◆ HOW TO COMPLETE THIS TASK
Your copy of the data should match it exactly, leaving out only the pictures.

◆ DATASET EXCERPT

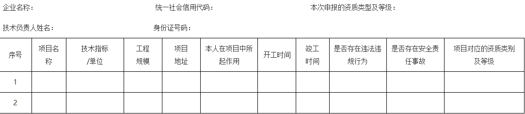 注:业绩基本信息表请上传excel格式文件;个人业绩佐证材料需合并成一个PDF文件,以固定格式命名,如xx有限公司申报xx施工总(专业)承包二级资质业绩及设备材料。
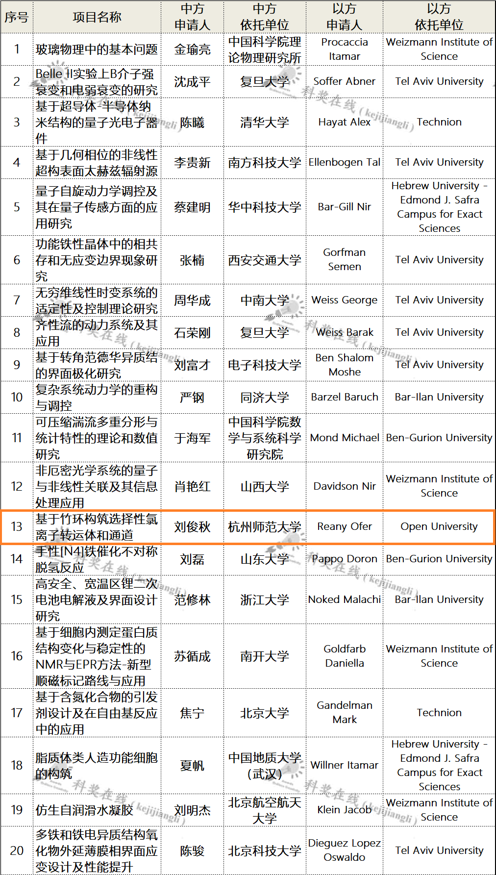 近日,国家自然科学基金委官方网站公布了2021年度国家自然科学基金委员会(NSFC)与以色列科学基金会(ISF)合作研究项目的立项通知,由做爱视频 刘俊秋教授与以色列开放大学Ofer Reany教授联合申报的“基于竹环构筑选择性氯离子转运体和通道”项目获得立项资助(项目编号2211101029)。
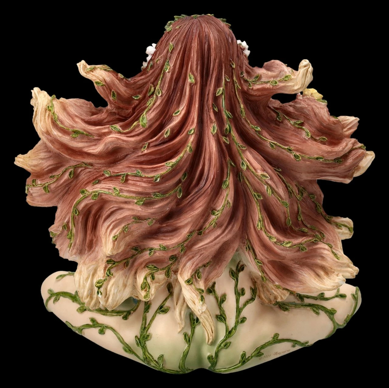 Sanft lächelnd, die Hände zärtlich um ihren schwangeren Bauch gelegt, den man unschwer bereits als Erde erkennen kann, sitzt Gaia, die in der altgriechischen Mythologie als Mutter Erde verehrt wurde, auf dem Boden. Die alten Griechen nannten die erste Göttin auch die ‚Göttin mit der großen Brust‘ und die Brüste dieser zauberhaften Gaia warten darauf, die Erde nach ihrer Geburt zu nähren. In ihren langen lockigen Haaren sammeln sich schon Blüten und Schmetterlinge, um nach der Geburt auf der Erde verteilt zu werden und zu Beginn einen Hauch von Frühling zu verbreiten. Grüne Ranken winden sich um den Körper der bezaubernden Gaia-Figur aus liebevoll handbemaltem Kunststein (Polyresin). Die 17 cm hohe, 17 cm breite und 9 cm tiefe Gaia-Figur aus der Studio Collection von Veronese spiegelt in ihrer Darstellung tatsächlich, Leben, Körperlichkeit, Fruchtbarkeit und Mütterlichkeit wider und ist ein wunderbares Geschenk für alle, die die Natur lieben und im Sinne der Mutter Erde schützen möchten.

◆ ANSWER
 注:业绩基本信息表请上传excel格式文件;个人业绩佐证材料需合并成一个PDF文件,以固定格式命名,如xx有限公司申报xx施工总(专业)承包二级资质业绩及设备材料。
 近日,国家自然科学基金委官方网站公布了2021年度国家自然科学基金委员会(NSFC)与以色列科学基金会(ISF)合作研究项目的立项通知,由做爱视频 刘俊秋教授与以色列开放大学Ofer Reany教授联合申报的“基于竹环构筑选择性氯离子转运体和通道”项目获得立项资助(项目编号2211101029)。
 Sanft lächelnd, die Hände zärtlich um ihren schwangeren Bauch gelegt, den man unschwer bereits als Erde erkennen kann, sitzt Gaia, die in der altgriechischen Mythologie als Mutter Erde verehrt wurde, auf dem Boden. Die alten Griechen nannten die erste Göttin auch die ‚Göttin mit der großen Brust‘ und die Brüste dieser zauberhaften Gaia warten darauf, die Erde nach ihrer Geburt zu nähren. In ihren langen lockigen Haaren sammeln sich schon Blüten und Schmetterlinge, um nach der Geburt auf der Erde verteilt zu werden und zu Beginn einen Hauch von Frühling zu verbreiten. Grüne Ranken winden sich um den Körper der bezaubernden Gaia-Figur aus liebevoll handbemaltem Kunststein (Polyresin). Die 17 cm hohe, 17 cm breite und 9 cm tiefe Gaia-Figur aus der Studio Collection von Veronese spiegelt in ihrer Darstellung tatsächlich, Leben, Körperlichkeit, Fruchtbarkeit und Mütterlichkeit wider und ist ein wunderbares Geschenk für alle, die die Natur lieben und im Sinne der Mutter Erde schützen möchten.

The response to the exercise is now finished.